We always try and save seeds over but I need to replace our green beans this year. I'm eating green beans from 2 years ago when we had a bumper crop because last year was a sucky crop.


----------



## NaeKid

*Andi said:


> FYI - Our garden supply store looked good on seeds the other day ... but you never know ...
> 
> DES MOINES, Iowa (AP) - Dreaming of biting into a garden-fresh cucumber sandwich this summer? Better order your seeds now.:gaah:
> 
> More here ...
> 
> EarthLink - U.S. News


I just read that information on my WII-news last night and showed it to WildMist. Looks like we will be going seed-shopping shortly ..


----------



## northernontario

We ordered all of our seeds about 2 weeks ago, and they arrived within days!


----------



## Woody

I’m ordering more new heirloom seeds (new to me anyway) this year. I’ve been finding some of the varieties I have had are hybrids and have lost some of their good characteristics. Thanks for the heads-up to get my order in this week!!!


----------



## Lake Windsong

*Seed shopping*

We save alot of seed and swap with friends/family to make sure we all have a good variety. The last couple of years, we've used our greenhouse to grow extra seedlings for barter/flea markets, but this year we're trying something different. We're going to try 'swapping n shopping' heirloom seeds and onion sets/flower bulbs. Homeschooling while working a 12-hr swing shift job and taking care of our little homestead, I'm looking for easier ways to get ahead and cut my costs.  I love playing in the dirt, so I may go a little overboard on the home garden... but that'll just be more to sell at the farmer's market, or can for later.


----------



## mitchshrader

growing crops for seed is as crisis proof as I can imagine. The worse the economy gets, the more demand there'll be for trustworthy seeds, and the bigger demand gets the more opportunity there'll be for barter with folks who are cash tight. 

Barter makes profits.


----------



## allen_idaho

I agree. Everyone should have a reserve of seeds stocked up. Otherwise, if disaster strikes, what other options will you have? Wait for some seeds to be delivered from a seed vault in Norway?

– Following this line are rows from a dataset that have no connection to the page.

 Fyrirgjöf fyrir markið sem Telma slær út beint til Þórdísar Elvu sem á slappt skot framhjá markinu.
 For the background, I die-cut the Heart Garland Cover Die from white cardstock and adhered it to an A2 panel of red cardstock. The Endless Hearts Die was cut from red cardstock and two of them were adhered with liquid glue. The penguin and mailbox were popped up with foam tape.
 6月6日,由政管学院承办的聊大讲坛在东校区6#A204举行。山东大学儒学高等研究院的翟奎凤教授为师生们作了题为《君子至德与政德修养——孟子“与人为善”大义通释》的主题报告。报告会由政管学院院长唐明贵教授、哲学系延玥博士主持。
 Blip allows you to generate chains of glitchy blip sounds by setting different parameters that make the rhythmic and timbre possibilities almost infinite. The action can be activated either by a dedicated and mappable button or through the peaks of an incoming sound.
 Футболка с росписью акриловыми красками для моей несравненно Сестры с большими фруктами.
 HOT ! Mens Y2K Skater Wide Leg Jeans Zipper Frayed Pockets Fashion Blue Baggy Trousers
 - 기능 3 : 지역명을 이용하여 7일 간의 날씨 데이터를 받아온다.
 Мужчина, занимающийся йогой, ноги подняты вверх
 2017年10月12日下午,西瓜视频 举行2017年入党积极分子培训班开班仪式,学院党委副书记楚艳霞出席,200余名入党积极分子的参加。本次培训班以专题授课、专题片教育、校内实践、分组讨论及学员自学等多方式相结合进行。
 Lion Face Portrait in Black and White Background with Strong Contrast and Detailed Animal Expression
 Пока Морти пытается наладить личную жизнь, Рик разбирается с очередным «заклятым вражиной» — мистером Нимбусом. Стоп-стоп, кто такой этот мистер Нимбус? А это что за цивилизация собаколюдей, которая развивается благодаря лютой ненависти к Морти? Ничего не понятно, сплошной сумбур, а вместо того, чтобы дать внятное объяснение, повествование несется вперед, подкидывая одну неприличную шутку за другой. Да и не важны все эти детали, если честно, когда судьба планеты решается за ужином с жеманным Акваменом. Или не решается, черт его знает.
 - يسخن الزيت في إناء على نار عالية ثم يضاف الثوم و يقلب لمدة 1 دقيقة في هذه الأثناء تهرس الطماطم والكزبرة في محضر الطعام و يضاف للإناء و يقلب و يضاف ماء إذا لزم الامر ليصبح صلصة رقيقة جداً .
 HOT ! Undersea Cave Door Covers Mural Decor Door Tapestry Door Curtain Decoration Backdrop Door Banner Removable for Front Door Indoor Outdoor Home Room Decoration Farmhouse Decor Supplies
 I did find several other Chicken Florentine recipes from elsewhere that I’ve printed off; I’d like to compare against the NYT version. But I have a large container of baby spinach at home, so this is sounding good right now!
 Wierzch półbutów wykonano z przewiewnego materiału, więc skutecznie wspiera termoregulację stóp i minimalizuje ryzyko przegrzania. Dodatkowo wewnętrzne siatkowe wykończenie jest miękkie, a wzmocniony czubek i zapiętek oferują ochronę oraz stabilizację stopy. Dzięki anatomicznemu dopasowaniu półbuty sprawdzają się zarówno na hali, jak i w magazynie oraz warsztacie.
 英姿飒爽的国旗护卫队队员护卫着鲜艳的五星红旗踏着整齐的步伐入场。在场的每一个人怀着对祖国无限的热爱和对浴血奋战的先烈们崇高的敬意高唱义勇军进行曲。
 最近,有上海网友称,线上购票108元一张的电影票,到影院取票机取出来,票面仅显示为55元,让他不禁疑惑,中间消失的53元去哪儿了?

And when nobody else around you has any seeds to plant, you will be sitting on quite the monopoly.


----------



## UncleJoe

Here is another source for seeds that I just found. They are about an hour away from me so I went there yesterday. They have a really great selection but are sold out of several varieties of tomato, pepper, bean and cucumber and won't be getting them again till next year. If you haven't got your seed yet, you might want to put it at the top of the priority list.

http://www.landrethseeds.com/catalog/index.php?cPath=23


----------



## kyfarmer

Local, 2 50lb bags of seed taters and 3 bags of 5-10-10. Were well over $100 mark. Last year around $70 thats a big hop in the wrong direction.


----------